WHAT IS REQUIRED:
For this exercise, repeat the whole listing below exactly. Leave the pictures out.

SOURCE MATERIAL:
━━━━
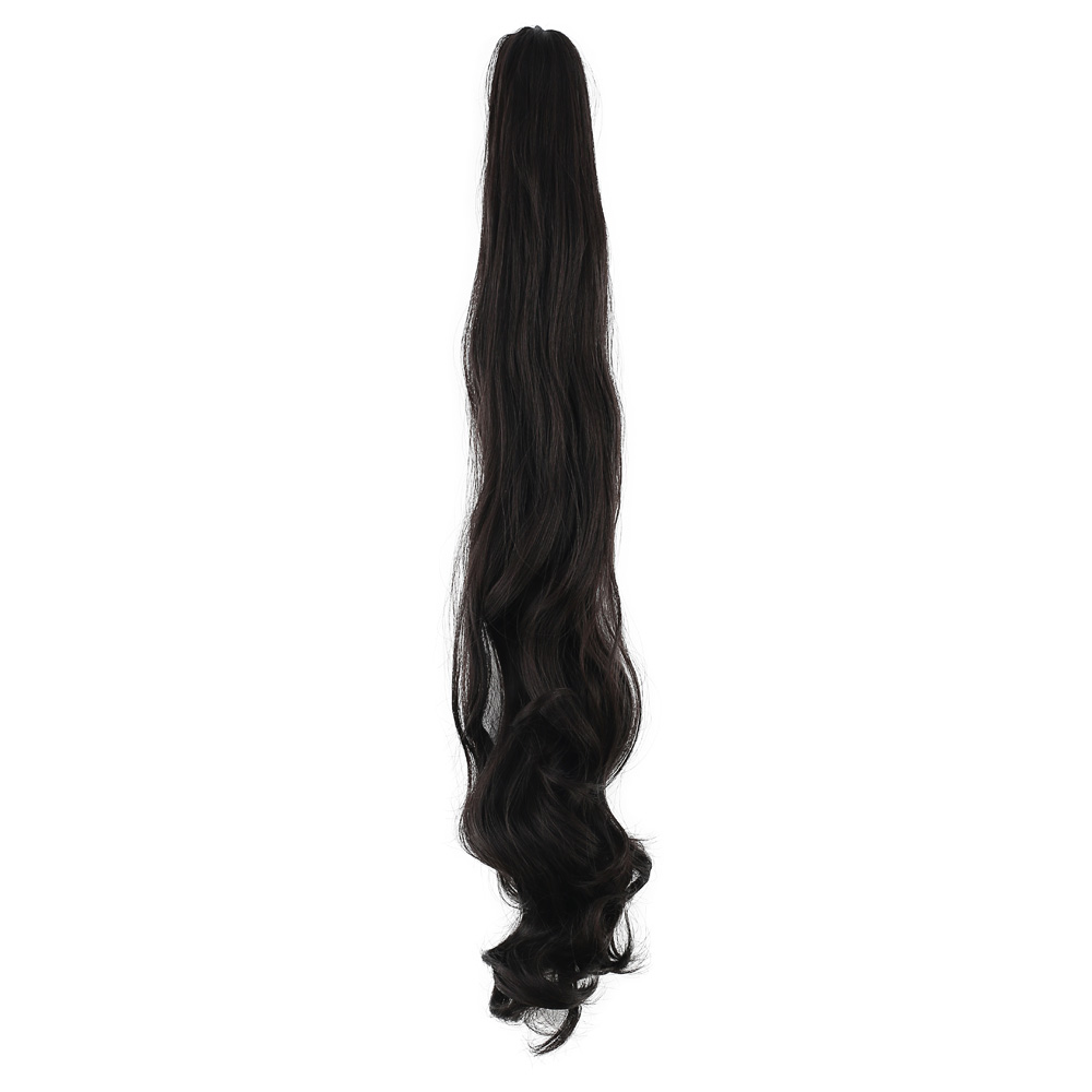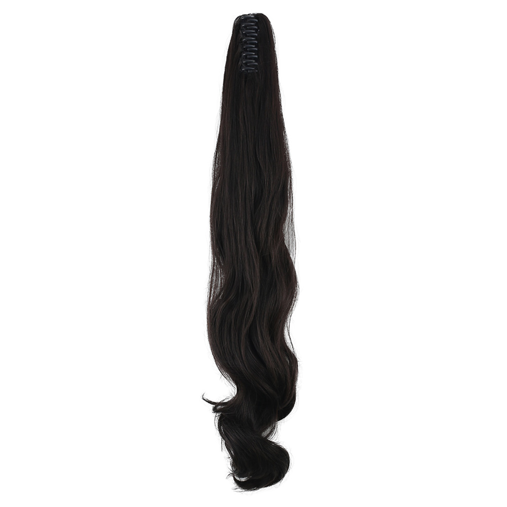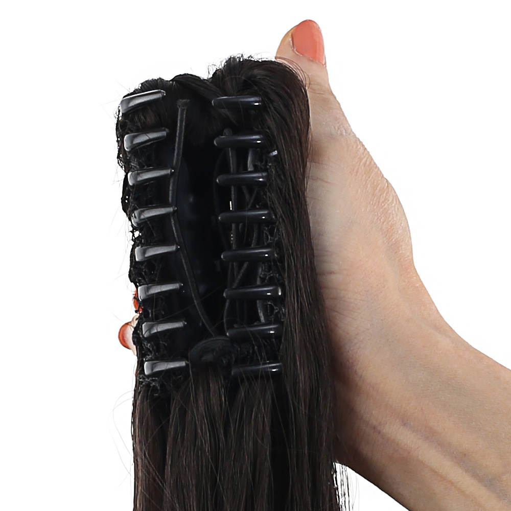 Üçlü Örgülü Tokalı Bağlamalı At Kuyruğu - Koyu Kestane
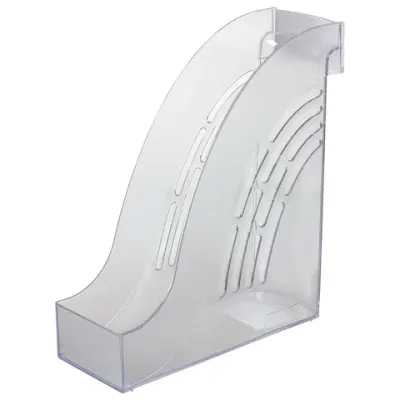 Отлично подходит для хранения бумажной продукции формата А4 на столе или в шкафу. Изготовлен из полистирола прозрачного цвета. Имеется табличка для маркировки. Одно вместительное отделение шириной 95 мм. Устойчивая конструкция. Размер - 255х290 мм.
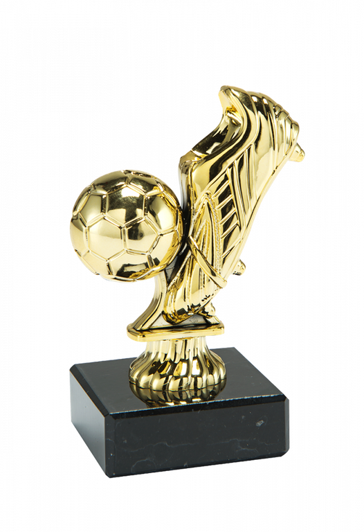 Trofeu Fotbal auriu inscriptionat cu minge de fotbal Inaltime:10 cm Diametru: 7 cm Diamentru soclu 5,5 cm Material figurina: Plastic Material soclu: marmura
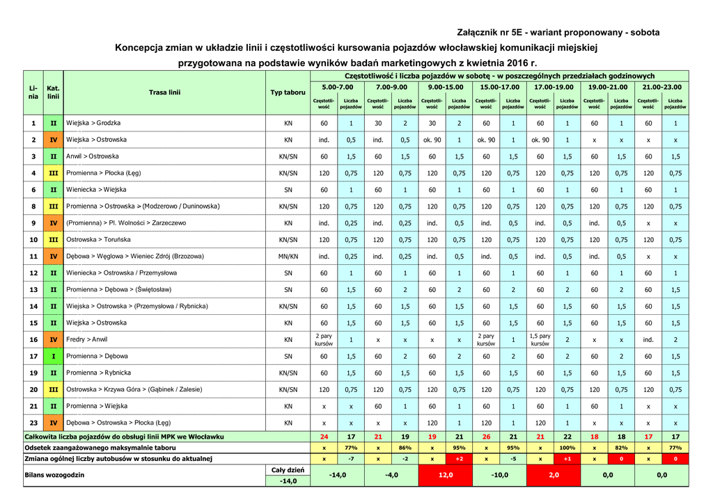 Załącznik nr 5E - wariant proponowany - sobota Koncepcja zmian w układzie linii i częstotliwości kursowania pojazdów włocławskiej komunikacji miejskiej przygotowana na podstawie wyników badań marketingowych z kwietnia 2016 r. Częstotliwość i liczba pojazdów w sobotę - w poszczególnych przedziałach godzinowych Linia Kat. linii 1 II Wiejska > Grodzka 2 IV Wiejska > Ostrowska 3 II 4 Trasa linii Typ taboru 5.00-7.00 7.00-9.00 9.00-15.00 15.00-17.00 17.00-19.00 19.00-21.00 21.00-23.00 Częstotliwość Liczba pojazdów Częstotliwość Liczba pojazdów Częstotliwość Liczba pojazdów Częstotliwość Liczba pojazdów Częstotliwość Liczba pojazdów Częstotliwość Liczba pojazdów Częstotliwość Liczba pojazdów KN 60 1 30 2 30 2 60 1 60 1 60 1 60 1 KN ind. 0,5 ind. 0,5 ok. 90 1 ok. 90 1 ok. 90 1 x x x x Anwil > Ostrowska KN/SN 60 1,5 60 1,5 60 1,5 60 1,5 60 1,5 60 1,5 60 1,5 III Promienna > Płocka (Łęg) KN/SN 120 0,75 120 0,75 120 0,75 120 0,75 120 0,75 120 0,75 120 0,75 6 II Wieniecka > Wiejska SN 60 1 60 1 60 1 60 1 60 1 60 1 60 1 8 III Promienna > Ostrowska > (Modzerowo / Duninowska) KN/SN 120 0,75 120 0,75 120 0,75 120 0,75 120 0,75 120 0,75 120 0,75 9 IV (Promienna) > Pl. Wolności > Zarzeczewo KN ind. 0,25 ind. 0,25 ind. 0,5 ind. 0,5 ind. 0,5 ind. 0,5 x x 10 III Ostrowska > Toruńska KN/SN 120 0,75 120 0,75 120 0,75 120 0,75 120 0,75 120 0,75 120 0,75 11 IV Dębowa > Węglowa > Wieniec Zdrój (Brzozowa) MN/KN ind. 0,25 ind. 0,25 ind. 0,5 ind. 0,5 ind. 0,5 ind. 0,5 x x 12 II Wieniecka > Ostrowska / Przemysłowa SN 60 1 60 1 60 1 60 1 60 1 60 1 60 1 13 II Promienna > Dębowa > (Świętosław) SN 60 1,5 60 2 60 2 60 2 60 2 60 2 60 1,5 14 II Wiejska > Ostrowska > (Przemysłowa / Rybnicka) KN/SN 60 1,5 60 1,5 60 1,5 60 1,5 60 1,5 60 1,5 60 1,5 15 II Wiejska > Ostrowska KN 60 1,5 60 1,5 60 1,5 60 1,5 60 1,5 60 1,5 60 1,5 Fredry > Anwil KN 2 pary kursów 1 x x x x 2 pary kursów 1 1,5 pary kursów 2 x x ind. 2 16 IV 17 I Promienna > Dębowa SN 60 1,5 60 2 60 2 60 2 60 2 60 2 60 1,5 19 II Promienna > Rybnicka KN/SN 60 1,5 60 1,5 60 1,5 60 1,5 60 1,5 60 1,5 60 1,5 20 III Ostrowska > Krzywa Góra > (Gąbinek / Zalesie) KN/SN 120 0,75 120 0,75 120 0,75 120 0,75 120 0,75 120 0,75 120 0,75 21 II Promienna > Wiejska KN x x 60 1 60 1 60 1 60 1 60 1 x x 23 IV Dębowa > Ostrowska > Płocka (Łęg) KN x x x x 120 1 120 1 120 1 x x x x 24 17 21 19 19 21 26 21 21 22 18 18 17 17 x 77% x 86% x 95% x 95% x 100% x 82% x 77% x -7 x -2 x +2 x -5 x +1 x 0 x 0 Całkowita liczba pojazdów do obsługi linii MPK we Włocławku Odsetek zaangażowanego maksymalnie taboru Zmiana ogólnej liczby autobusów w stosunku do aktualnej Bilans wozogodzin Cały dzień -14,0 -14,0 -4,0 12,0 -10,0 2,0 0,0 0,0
━━━━
EXERCISE RESULT:
 Üçlü Örgülü Tokalı Bağlamalı At Kuyruğu - Koyu Kestane
 Отлично подходит для хранения бумажной продукции формата А4 на столе или в шкафу. Изготовлен из полистирола прозрачного цвета. Имеется табличка для маркировки. Одно вместительное отделение шириной 95 мм. Устойчивая конструкция. Размер - 255х290 мм.
 Trofeu Fotbal auriu inscriptionat cu minge de fotbal Inaltime:10 cm Diametru: 7 cm Diamentru soclu 5,5 cm Material figurina: Plastic Material soclu: marmura
 Załącznik nr 5E - wariant proponowany - sobota Koncepcja zmian w układzie linii i częstotliwości kursowania pojazdów włocławskiej komunikacji miejskiej przygotowana na podstawie wyników badań marketingowych z kwietnia 2016 r. Częstotliwość i liczba pojazdów w sobotę - w poszczególnych przedziałach godzinowych Linia Kat. linii 1 II Wiejska > Grodzka 2 IV Wiejska > Ostrowska 3 II 4 Trasa linii Typ taboru 5.00-7.00 7.00-9.00 9.00-15.00 15.00-17.00 17.00-19.00 19.00-21.00 21.00-23.00 Częstotliwość Liczba pojazdów Częstotliwość Liczba pojazdów Częstotliwość Liczba pojazdów Częstotliwość Liczba pojazdów Częstotliwość Liczba pojazdów Częstotliwość Liczba pojazdów Częstotliwość Liczba pojazdów KN 60 1 30 2 30 2 60 1 60 1 60 1 60 1 KN ind. 0,5 ind. 0,5 ok. 90 1 ok. 90 1 ok. 90 1 x x x x Anwil > Ostrowska KN/SN 60 1,5 60 1,5 60 1,5 60 1,5 60 1,5 60 1,5 60 1,5 III Promienna > Płocka (Łęg) KN/SN 120 0,75 120 0,75 120 0,75 120 0,75 120 0,75 120 0,75 120 0,75 6 II Wieniecka > Wiejska SN 60 1 60 1 60 1 60 1 60 1 60 1 60 1 8 III Promienna > Ostrowska > (Modzerowo / Duninowska) KN/SN 120 0,75 120 0,75 120 0,75 120 0,75 120 0,75 120 0,75 120 0,75 9 IV (Promienna) > Pl. Wolności > Zarzeczewo KN ind. 0,25 ind. 0,25 ind. 0,5 ind. 0,5 ind. 0,5 ind. 0,5 x x 10 III Ostrowska > Toruńska KN/SN 120 0,75 120 0,75 120 0,75 120 0,75 120 0,75 120 0,75 120 0,75 11 IV Dębowa > Węglowa > Wieniec Zdrój (Brzozowa) MN/KN ind. 0,25 ind. 0,25 ind. 0,5 ind. 0,5 ind. 0,5 ind. 0,5 x x 12 II Wieniecka > Ostrowska / Przemysłowa SN 60 1 60 1 60 1 60 1 60 1 60 1 60 1 13 II Promienna > Dębowa > (Świętosław) SN 60 1,5 60 2 60 2 60 2 60 2 60 2 60 1,5 14 II Wiejska > Ostrowska > (Przemysłowa / Rybnicka) KN/SN 60 1,5 60 1,5 60 1,5 60 1,5 60 1,5 60 1,5 60 1,5 15 II Wiejska > Ostrowska KN 60 1,5 60 1,5 60 1,5 60 1,5 60 1,5 60 1,5 60 1,5 Fredry > Anwil KN 2 pary kursów 1 x x x x 2 pary kursów 1 1,5 pary kursów 2 x x ind. 2 16 IV 17 I Promienna > Dębowa SN 60 1,5 60 2 60 2 60 2 60 2 60 2 60 1,5 19 II Promienna > Rybnicka KN/SN 60 1,5 60 1,5 60 1,5 60 1,5 60 1,5 60 1,5 60 1,5 20 III Ostrowska > Krzywa Góra > (Gąbinek / Zalesie) KN/SN 120 0,75 120 0,75 120 0,75 120 0,75 120 0,75 120 0,75 120 0,75 21 II Promienna > Wiejska KN x x 60 1 60 1 60 1 60 1 60 1 x x 23 IV Dębowa > Ostrowska > Płocka (Łęg) KN x x x x 120 1 120 1 120 1 x x x x 24 17 21 19 19 21 26 21 21 22 18 18 17 17 x 77% x 86% x 95% x 95% x 100% x 82% x 77% x -7 x -2 x +2 x -5 x +1 x 0 x 0 Całkowita liczba pojazdów do obsługi linii MPK we Włocławku Odsetek zaangażowanego maksymalnie taboru Zmiana ogólnej liczby autobusów w stosunku do aktualnej Bilans wozogodzin Cały dzień -14,0 -14,0 -4,0 12,0 -10,0 2,0 0,0 0,0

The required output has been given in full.